Data analyses and interpretation

Data were analyzed separately for PwPD and HCPs using the Concept Systems software (version 4.0.175; www.conceptsystems.com), PROTEST software (http://jackson.eeb.utoronto.ca), IBM SPSS (version 20) and MS Excel 2010. First, the relationships (distances) between items were estimated by means of 2D non-metric MDS based on a similarity matrix generated from participants’ sorting of statements [12, 13]. Goodness-of-fit between the input sort data in MDS and the resulting map was assessed by the stress value. Lower stress values indicate better fit; 0.39 has been suggested as an upper acceptable limit for 2D non-metric MDS, based on similarly sized input matrices [15]. Meta-analyses of concept mapping studies [16, 17] have found average stress values of 0.28 (ranges 0.17–0.34 and 0.15–0.35, respectively).

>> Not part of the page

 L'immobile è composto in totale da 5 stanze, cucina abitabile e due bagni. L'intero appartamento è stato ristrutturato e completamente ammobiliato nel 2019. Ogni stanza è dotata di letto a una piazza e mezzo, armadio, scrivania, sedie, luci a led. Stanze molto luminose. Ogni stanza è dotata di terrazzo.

To further assess the internal representational validity of the MDS-generated maps, their configural similarities were assessed by correlating (Pearson’s product-moment correlation) the raw aggregated similarity matrices with the final matrices of Euclidean distances between pairs of points on the MDS-generated maps [16]. These values have been found to average 0.66 and range between 0.53 and 0.83 across previous concept mapping studies [16].

Next, hierarchical cluster analysis was applied to the MDS-generated xy map coordinates to identify groupings of items [12, 13]. Each possible solution from 3 to 20 clusters was independently examined for interpretability and statistical adequacy [bridging values (BVs)] to choose the most representative number of clusters. BVs are indices ranging from 0 to 1 that denote the degree to which participants have sorted an item within the cluster it resides in versus other clusters. High cluster BVs suggest a more complex construct with conceptual similarities with other clusters. Low cluster BVs suggest that cluster statements hang well together. At the item level, a low BV suggests that the statement can be considered a representative “anchor” for its cluster [12].

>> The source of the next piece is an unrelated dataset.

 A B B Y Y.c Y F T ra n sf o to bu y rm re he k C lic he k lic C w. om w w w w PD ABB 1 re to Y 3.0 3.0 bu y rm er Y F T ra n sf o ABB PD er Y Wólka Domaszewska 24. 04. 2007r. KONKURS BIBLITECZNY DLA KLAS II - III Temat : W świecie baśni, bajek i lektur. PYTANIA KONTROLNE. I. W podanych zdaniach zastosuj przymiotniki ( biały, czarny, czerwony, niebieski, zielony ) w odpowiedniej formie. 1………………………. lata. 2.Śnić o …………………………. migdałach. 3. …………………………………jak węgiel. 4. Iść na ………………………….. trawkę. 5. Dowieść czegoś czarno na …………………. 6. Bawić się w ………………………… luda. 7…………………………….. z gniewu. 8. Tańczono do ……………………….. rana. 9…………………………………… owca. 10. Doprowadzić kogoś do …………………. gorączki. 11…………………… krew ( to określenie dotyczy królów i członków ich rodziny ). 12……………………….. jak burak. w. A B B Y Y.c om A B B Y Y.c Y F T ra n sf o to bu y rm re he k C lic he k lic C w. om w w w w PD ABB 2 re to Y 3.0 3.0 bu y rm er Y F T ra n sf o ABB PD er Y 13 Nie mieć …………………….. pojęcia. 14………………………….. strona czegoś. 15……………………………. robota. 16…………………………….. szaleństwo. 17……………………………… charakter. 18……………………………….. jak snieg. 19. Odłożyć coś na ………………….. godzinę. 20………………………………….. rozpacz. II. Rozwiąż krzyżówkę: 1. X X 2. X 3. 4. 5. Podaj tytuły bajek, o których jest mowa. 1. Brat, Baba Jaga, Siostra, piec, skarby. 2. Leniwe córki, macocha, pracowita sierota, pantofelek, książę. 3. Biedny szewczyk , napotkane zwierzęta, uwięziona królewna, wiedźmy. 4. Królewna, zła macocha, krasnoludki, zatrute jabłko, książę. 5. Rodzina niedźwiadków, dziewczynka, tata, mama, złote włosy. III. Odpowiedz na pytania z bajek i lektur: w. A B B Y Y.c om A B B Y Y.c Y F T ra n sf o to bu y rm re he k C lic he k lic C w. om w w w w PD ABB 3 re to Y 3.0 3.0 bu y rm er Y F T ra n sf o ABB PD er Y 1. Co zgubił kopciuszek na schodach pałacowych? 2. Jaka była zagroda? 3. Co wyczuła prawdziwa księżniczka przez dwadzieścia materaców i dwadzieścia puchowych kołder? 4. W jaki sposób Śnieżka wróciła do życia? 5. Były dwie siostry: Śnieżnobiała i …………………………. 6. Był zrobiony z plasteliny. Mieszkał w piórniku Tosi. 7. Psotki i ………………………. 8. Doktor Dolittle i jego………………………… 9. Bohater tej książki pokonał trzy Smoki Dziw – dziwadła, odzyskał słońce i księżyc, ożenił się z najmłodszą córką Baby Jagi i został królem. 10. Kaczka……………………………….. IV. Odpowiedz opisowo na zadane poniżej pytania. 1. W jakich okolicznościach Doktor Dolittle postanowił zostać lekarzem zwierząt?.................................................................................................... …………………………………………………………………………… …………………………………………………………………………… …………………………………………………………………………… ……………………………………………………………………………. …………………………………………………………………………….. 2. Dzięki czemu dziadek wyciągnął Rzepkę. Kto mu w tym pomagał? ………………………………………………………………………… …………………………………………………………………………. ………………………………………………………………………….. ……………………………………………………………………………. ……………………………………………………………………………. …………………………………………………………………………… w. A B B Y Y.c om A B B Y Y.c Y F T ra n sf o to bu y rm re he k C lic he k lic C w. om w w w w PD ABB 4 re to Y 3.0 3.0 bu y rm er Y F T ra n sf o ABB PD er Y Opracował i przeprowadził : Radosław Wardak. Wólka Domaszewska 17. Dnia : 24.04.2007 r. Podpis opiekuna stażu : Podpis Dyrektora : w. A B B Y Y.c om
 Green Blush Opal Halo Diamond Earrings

To assess the quantitative association between the conceptual interpretations by PwPD and HCPs, two analyses were conducted. First, vectors of the total similarity matrices (overall raw sorting data) produced by PwPD and HCPs, respectively, were correlated (Pearson’s product–moment correlation). The result of this analysis can be viewed as an index of the similarity by which participants in the two groups paired statements together within piles [16, 18]. Next, to test the correspondence between the structural representations of the two groups, we conducted a multivariate rotational-fit algorithm between two configurations as represented by the two sets of xy coordinates for each respective map (2D, multivariate summaries). To account for the lack of independence among distances and the spuriousness of their correlation, procrustes analysis was used to minimize the sum-of-squared deviations between the data values in two observation-by-variable matrices through matrix translation, reflection, rigid rotation and dilation [19, 20]. Residuals between the original values and the best fit solution were calculated for each observation to identify outlying and deviant points with the resultant m 12 statistic (0 < m 12 < 1.0), indicating the goodness-of-fit between two spatial configurations. To evaluate the significance of the observed m 12 statistic, 10,000 random permutations were run to estimate the probability of the derived statistic and ensure the relative stability of the estimated P value [19].

To assess similarities and differences in the values assigned to statements, mean and median item importance ratings from the two groups were correlated (Pearson’s product–moment and Spearman’s rank correlations, respectively) and compared (Mann–Whitney U tests, with and without Benjamini–Hochberg correction) to explore differences in priorities.

Results

A total of 175 statements were generated and resulted in a final set of 99 statements following removal of duplicates and non-relevant statements. MDS analysis of the sorting data resulted in 2D maps with stress values of 0.31 for PwPD and 0.21 for HCPs; both within the range found in previous meta-analytic studies of concept mapping [16, 17].

The configural similarity correlation for PwPD was 0.61 (P < 0.001) and 0.75 (P < 0.001) for HCPs. Both were within the range found in studies of similarly constructed concept maps [16], but differed (z, 13.13; P < 0.001 following Fisher’s r-to-z transformation). The PwPD configural similarity correlation was near the lower end of the range (relatively weaker relationship between sort and distance data), and the HCPs configural similarity correlation was near the upper end of the range (relatively stronger relationship between sort and distance data).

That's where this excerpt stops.